Fourth, in the past decade, research has gotten into the act. The National Institute of Health is funding a major five-year study that examines the health benefits of active arts participation. Dr. Julene Johnson of the University of California San Francisco, the San Francisco Community Music Center, and the San Francisco Department of Aging and Adult Services are collaborating in this effort.  The National Institute on Aging is calling on researchers to seek out participatory arts programs for older adults and to devise collaborative research studies.  The National Endowment for the Arts initiated a federal Inter-Agency Task Force on the Arts and Human Development, which includes many branches of the federal government.

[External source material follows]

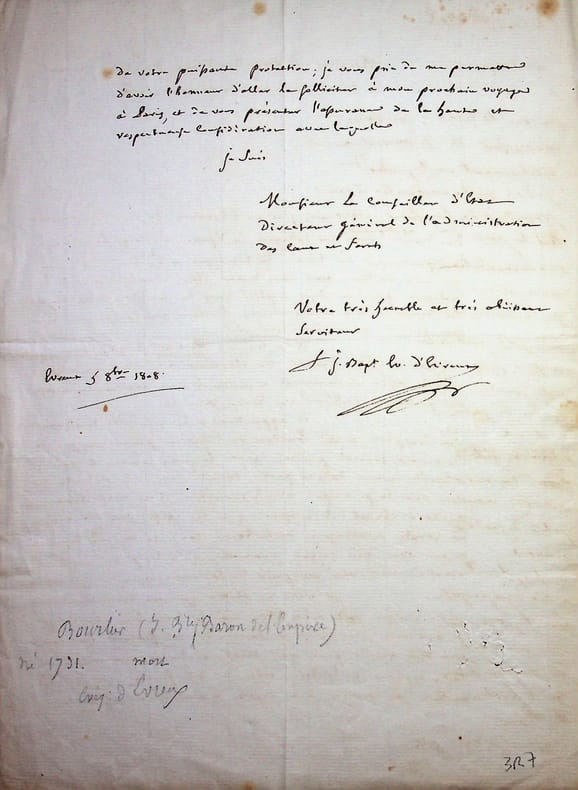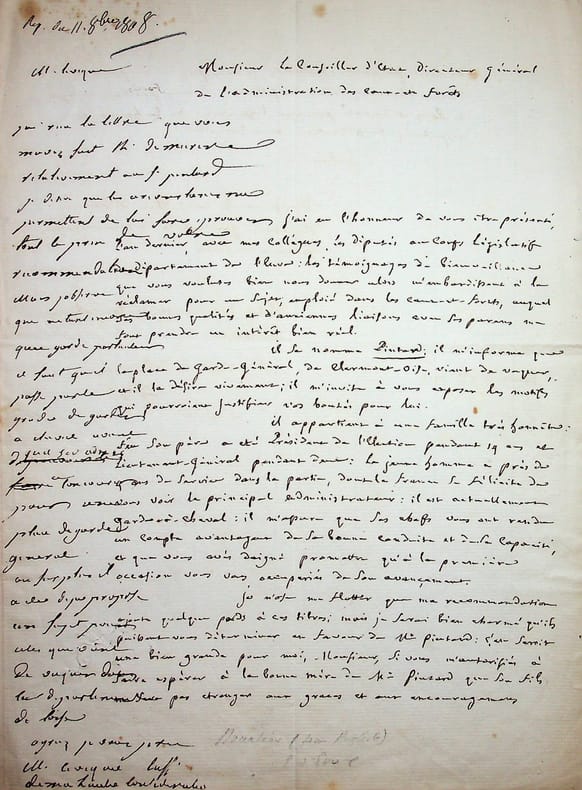Jean-Baptiste Bourlier (1731-1821), évêque d'Evreux, sénateur de l'Eure, baron et comte d'Empire. L.A.S., Evreux, 5 octobre 1808, 1p 1/2 in-folio. À Joseph-Alexandre Bergon (1741-1824), directeur général des Forêts. Longue lettre de recommandation pour un nommé Pintard qui souhaite une place de garde général à Clermont (Oise). Il encense longuement ses qualités. En marge, brouillon autographe de la réponse. [484]
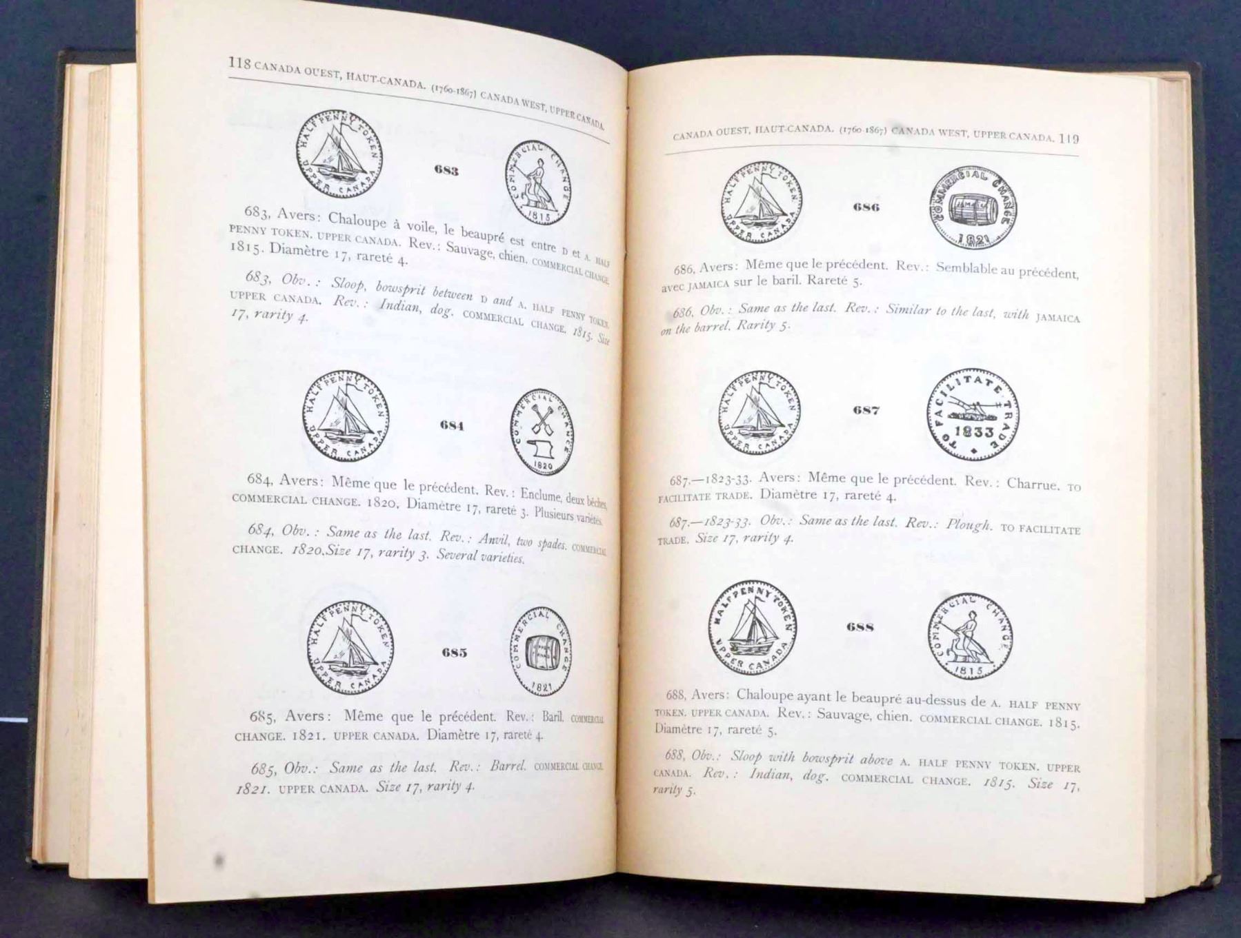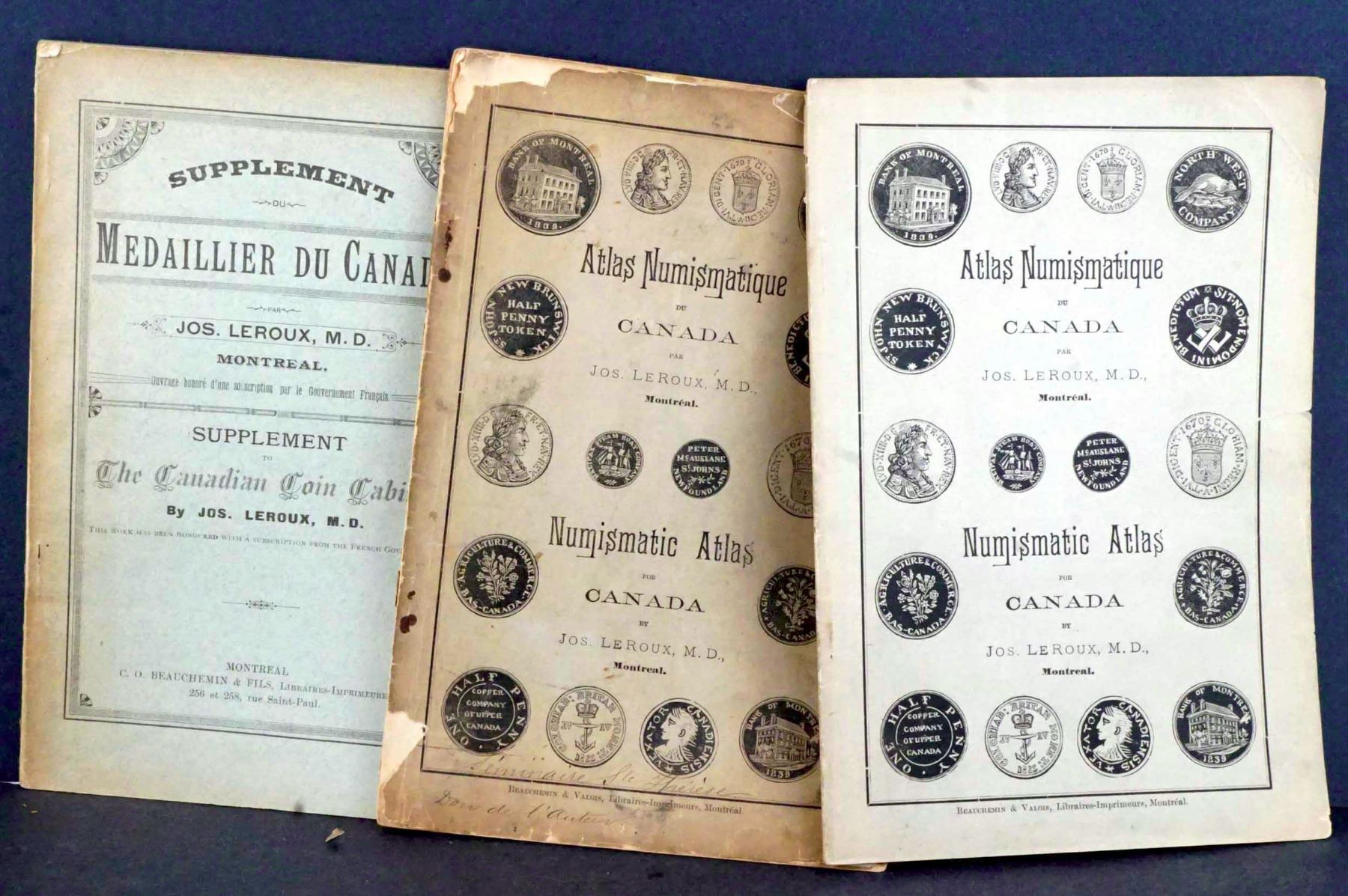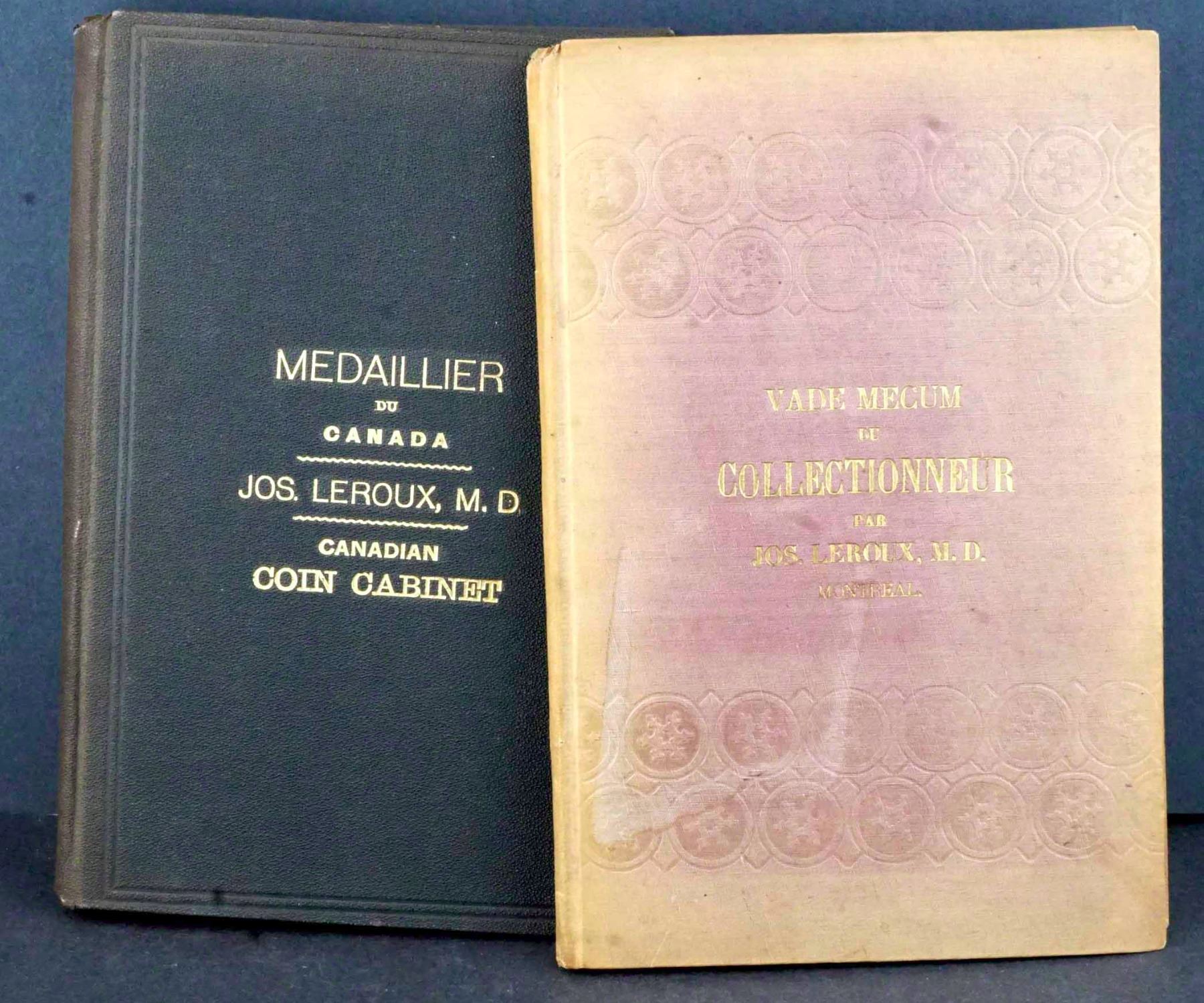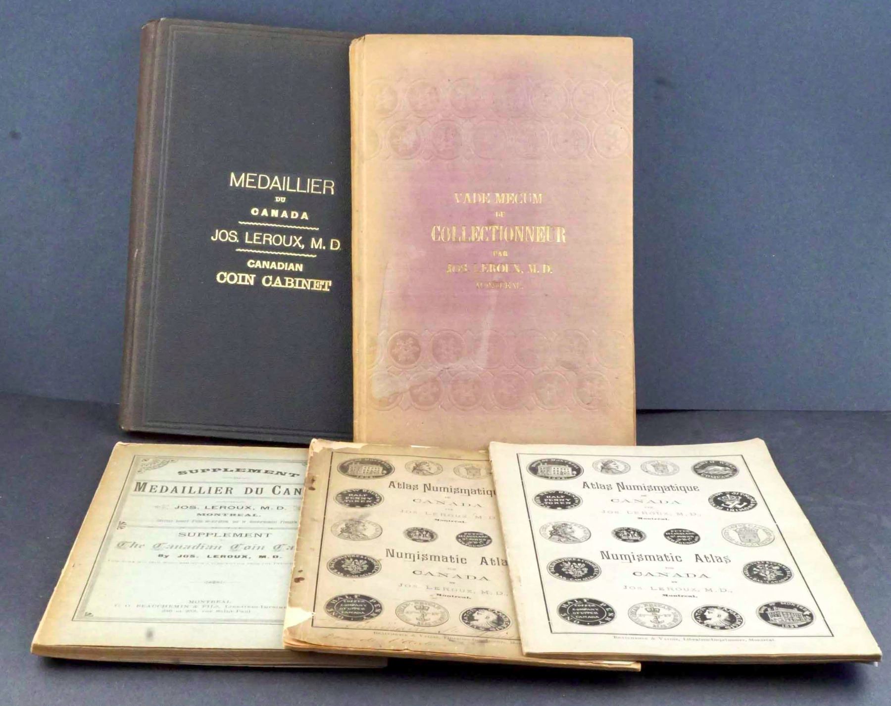 MEDALLIER du CANADA - CANADIAN COIN CABINET by JOS. LEROUX, M. D. Bilingual. Also Included - SUPPLEMENT MEDALLIER du CANADA (ND); VADE MECUM du COLLECTIONNEUR by JOS. LEROUX M. D. 1855, Montreal. Plus two copies of ATLAS NUMISMATIQUE du CANADA (1883). Lot of five books by Jos. Leroux. Bound in black cloth, stamped in gilt on the cover. 308 pages, profusely illustrated. Introductory remarks dated 1888. A very nice copy, with only a little fraying on the spine, top. On top of first cover page : Seminaire St. Charles Borromé Sherbrooke - :"Musée" 2) Bound in tan cloth, Fair condition, cover attached by the cords only, paper having split. Otherwise clean and complete. 3) SUPPLEMENT. Paper bound, very nice copy. Roughly 100 pages, unnumbered. No annotations, 4) and 5) Atlas paper bound booklet, 35 pages, One copy bright and tight, with some light cover damage, including a 2 cm tear. The other copy really shows its age.

Fifth, the world of aging services is becoming aware of the potential benefits that participatory arts can bring.  Senior communities are creating high quality opportunities for active arts learning by their residents. EngAGE, a California-based organization, has partnered with arts organizations and senior housing developers to create senior artist colonies that deliver high quality arts education in a community living environment. Minnesota-based Ecumen, a senior housing provider, has forged an innovative alliance with ArtSage, artsagemn.org, which has trained 106 teaching artists to work with older adults.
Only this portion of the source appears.